La popolazione elvetica si è comunque dimostrata accogliente. “Chi poteva permetterselo affittava una stanza in case svizzere”, racconta Meryem Yavas, moglie di Hüseyin. La donna ricorda di essere stata accolta bene. Quando la coppia ha voluto mettere su famiglia, però, il messaggio è stato chiaro: “Non abbiamo posto per i bambini”.

All’epoca, per le persone di origine straniera non era facile trovare un appartamento. I casi di razzismo erano frequenti. “Alcune agenzie immobiliari avvertivano che ‘gli stranieri non sono i benvenuti'”, ricorda Murat Muharrem Varan nella mostra.

Bambini separati dai genitori

Ayse Yavas e Gaby Fierz evidenziano anche le dolorose separazioni in alcune famiglie. In Svizzera, molte persone immigrate non riuscivano a trovare soluzioni per la custodia dei figli mentre lavoravano, perché le strutture di accoglienza dell’epoca erano troppo costose. Per questo motivo, negli anni ’70 e ’80, molti bambini e bambine sono stati affidati alle loro famiglie in Turchia, a volte per diversi anni.

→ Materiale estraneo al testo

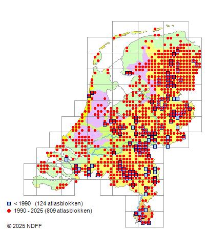 Het aantal atlasblokken (5x5 km) waarin de soort is gemeld binnen een periode van vijf jaar (vanaf 1980) of twintig jaar. Niet gecorrigeerd voor waarnemersinspanning en het aantal doorgegeven waarnemingen kan sterk variëren per periode, dus een trend in verspreiding kan hier niet direct uit worden afgelezen. Het opgegeven jaartal is het eerste jaar van de periode. Bron: gevalideerde waarnemingen uit de NDFF.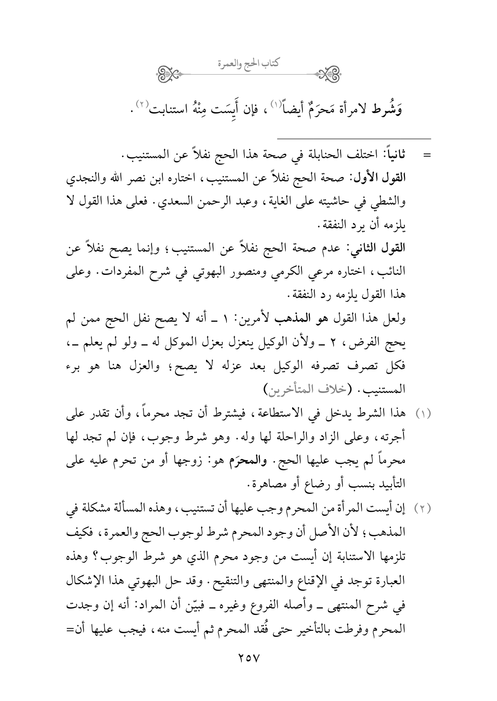 (¬٢) إن أيست المرأة من المحرم وجب عليها أن تستنيب، وهذه المسألة مشكلة في المذهب؛ لأن الأصل أن وجود المحرم شرط لوجوب الحج والعمرة، فكيف تلزمها الاستنابة إن أيست من وجود محرم الذي هو شرط الوجوب؟ وهذه العبارة توجد في الإقناع والمنتهى والتنقيح. وقد حل البهوتي هذا الإشكال في شرح المنتهى - وأصله الفروع وغيره - فبيّن أن المراد: أنه إن وجدت المحرم وفرطت بالتأخير حتى فُقد المحرم ثم أيست منه، فيجب عليها أن تستنيب. أما إن لم تجد محرماً يذهب معها إلى مكة، فلا يجب عليها أن تستنيب ولو كانت من أغنى الناس؛ لأن الحج لم يجب عليها. (إشكال وحله)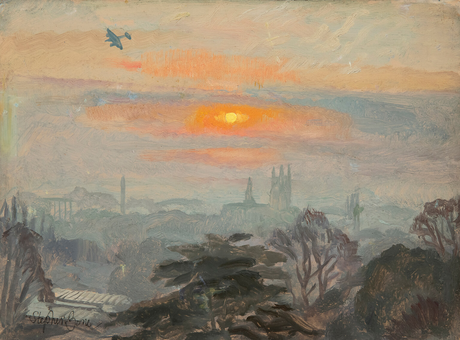 After the War, Bone found his style of painting somewhat out of fashion and, although he continued to paint, he found it difficult to get his work exhibited. He became an art critic for the Manchester Guardian, wrote humorous pieces for the Glasgow Herald and did television and radio work for the BBC. With his wife, he wrote and illustrated children’s books. He died of cancer on 15 September 1958 at St Bartholomew’s Hospital, London.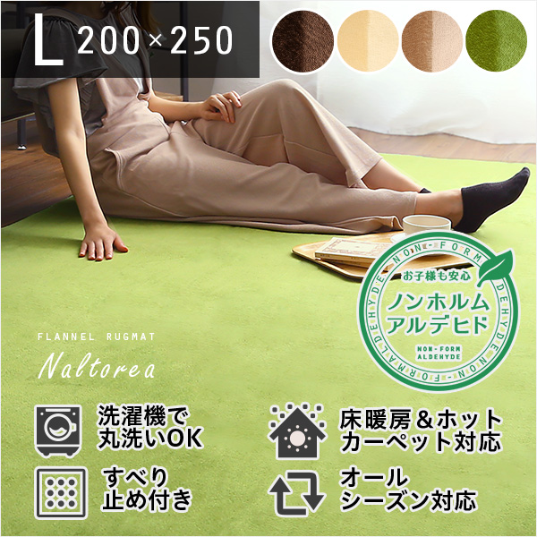 高密度フランネルマイクロファイバー・ラグマットLサイズ(200×250cm)洗えるラグマット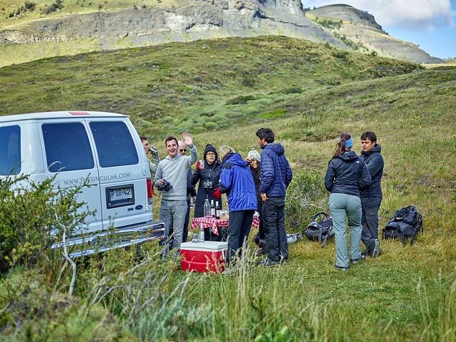 一顿吃吃喝喝后,悄悄的潜回我的房间,只把房门推了一条小缝,就看见两条大毛腿在那晃悠,吓死宝宝了,赶紧关上房门悄悄溜走,姐决定睡车里。我在澳洲因为没订上酒店,曾经睡过四人房和车里,车里真的睡得香。于是这100美金我只上了两次厕所。把车又开到山脚下,打算半夜如果遇见疯逼小分队就尾随上山,姐是有备而来的,有头灯。这个时候已经开始下雨了,到一点的时候雨越来越大,也真有不作不死小分队顶着头灯上山,但是我没尾随,我虽然二虽然疯,但作死的境界我还没到。最最关键,虽然百内天气风雨雷电一天三变,但是我还是不相信,这么大的雨,明天能看到日照金山。于是,踏实睡去,但是,这里真跟澳洲不一样呀,恨不得把所有衣服都穿身上还是冷,这破车,着车如果不开动,热风不太管用,我又怕中毒不敢一直开。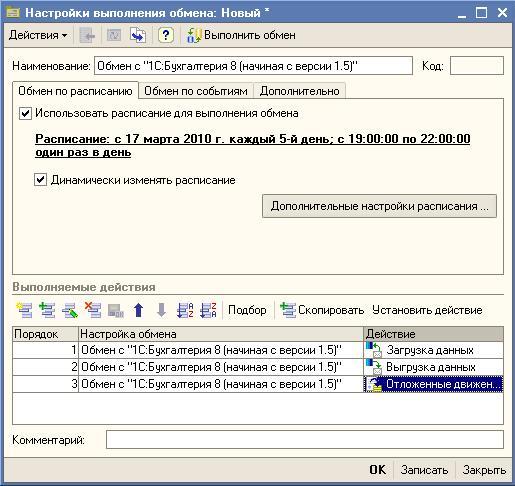 Еще одним важным отличием нового механизма обмена является возможность настройки автоматического обмена данными с использованием расписания.
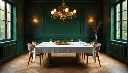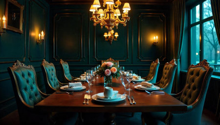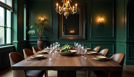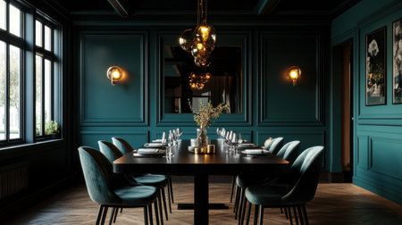 A stylish dining room featuring teal walls, a modern table, and elegant furnishings. The serene atmosphere, complemented by indoor plants and ambient lighting, enhances the inviting space.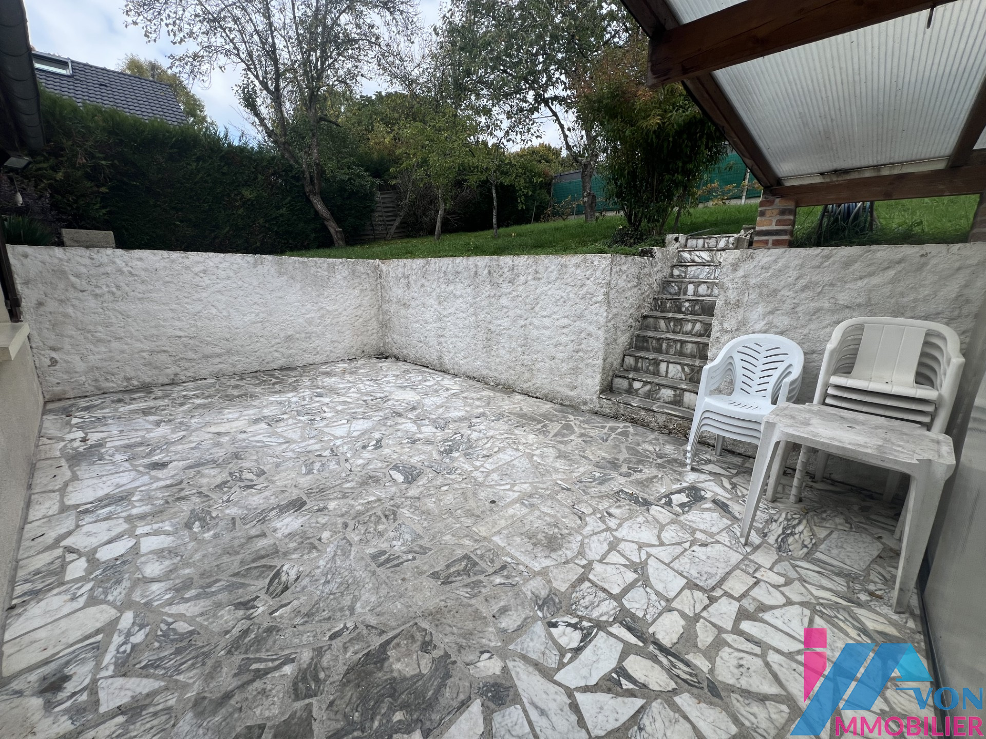 À l’extérieur, profitez d’un jardin idéal pour les enfants et d’une grande terrasse de 42 m² pour vos moments de détente. Un garage et une aire de stationnement complètent les prestations. Chauffage central au gaz.

Anche i bambini e le bambine di origine turca che frequentavano la scuola in Svizzera sono stati discriminati. Nell’esposizione di Aarau, una donna racconta che quando nella sua classe scomparve una collana, fu subito sospettata di averla rubata. Quando si capì che non era così, nessuno le chiese scusa.

Legami forti

Al di là delle esperienze di discriminazione, la popolazione svizzera e la diaspora turca hanno stabilito forti legami. “Erano più attraenti, curati ed eleganti dei nostri uomini svizzeri”, ricorda Margrit Zimmermann, che ha sposato Hamdi Ulukurt, un giovane turco venuto in Argovia per lavorare.

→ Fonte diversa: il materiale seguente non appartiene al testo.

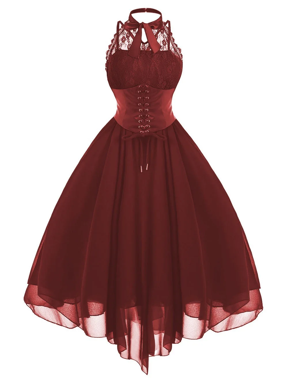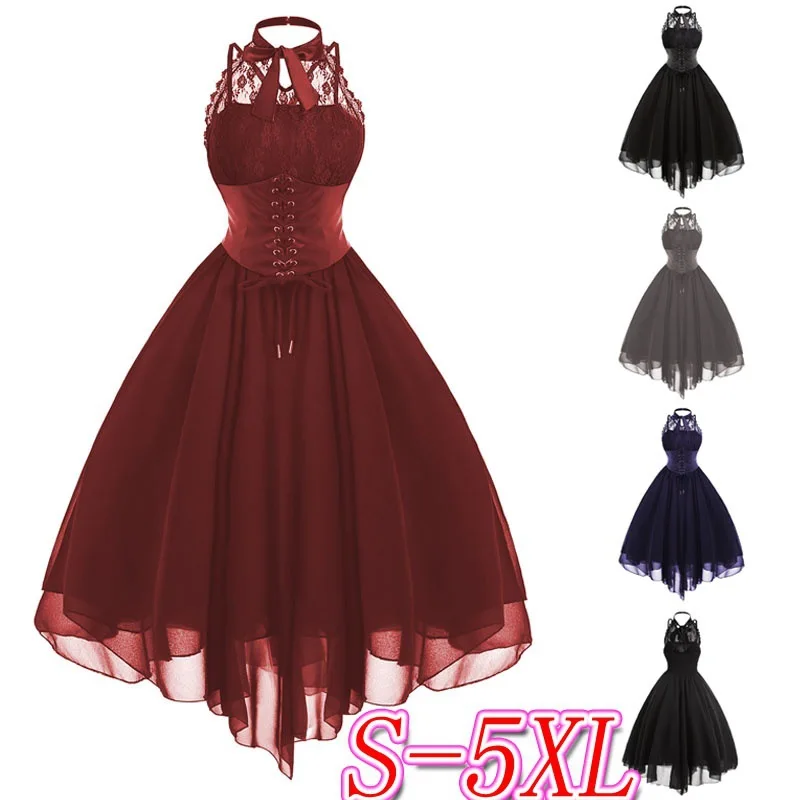 Женское винтажное платье с кружевной юбкой, Бордовое платье средневековой длины в готическом стиле, длинное платье с широкой юбкой, новинка 2019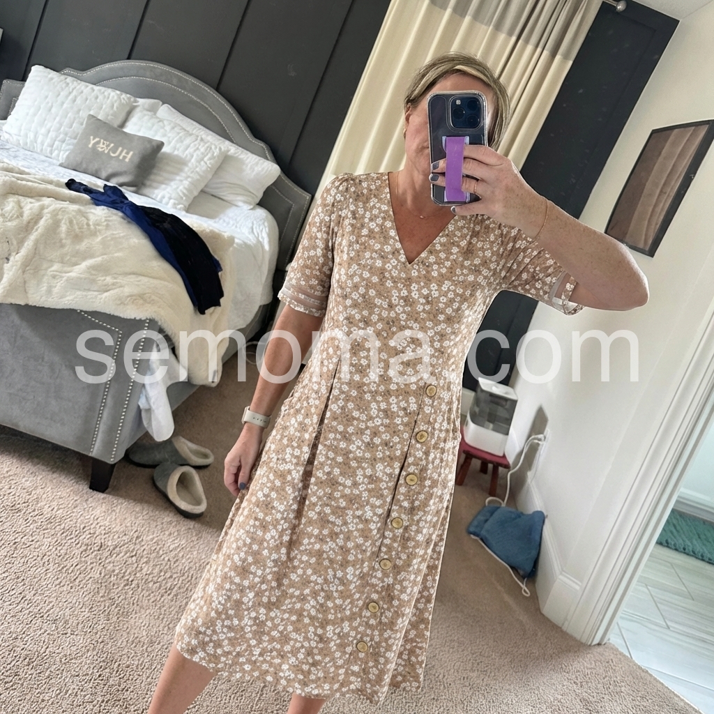 The V-neck and button-up front give it a really cute, laid-back vibe, and the short sleeves make it ideal for warm weather. The floral pattern is vibrant without being over the top, and it pairs great with sandals for a casual day out or can be dressed up with accessories for dinner. She’s worn it to brunch, beach walks, and even a summer wedding—it’s that versatile.Comfortable, breathable, and super flattering.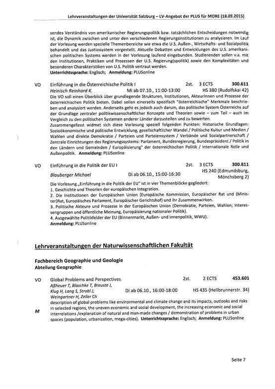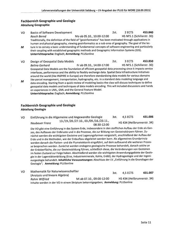 11. Falls nein, gibt es parallel zu den og Lehrveranstaltungen ebensolche Lehrveranstaltungen für ordentliche Hörer der Paris-Lodron-Universität Salzburg?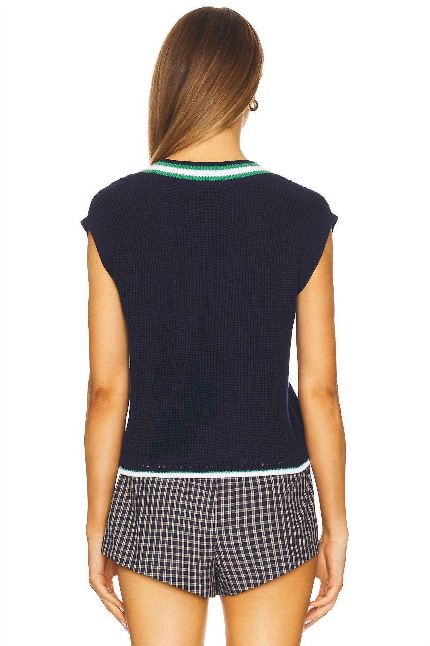 Embrace a varsity-inspired vibe with the Crochet Vest by 525 America, designed in a chic Blue Multi shade. This women's vest features cap sleeves and a textured shaker stitch-knit, with a modern boxy silhouette measuring 20" in length for a relaxed fit. Crafted from breathable 100% cotton, its pull-on design offers ease of wear. Care instructions include machine wash and tumble dry low, making it perfect for minimalist summer looks.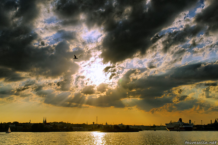 Helsinki: Kevätillan näkymä kohti Eteläsatamaa Suomenlinnan lautalta Kruunuvuorenselältä.

Zimmermann parla dei primi sguardi scambiati in piscina, il luogo di incontro della gioventù. Oggigiorno, circa la metà dei matrimoni è celebrata tra due persone di nazionalità diversa, ma all’epoca questo avveniva raramente.

Attualmente, nella Confederazione vivono ancora 130’000 persone di origine turca, di cui quasi la metà ha ottenuto il passaporto elvetico.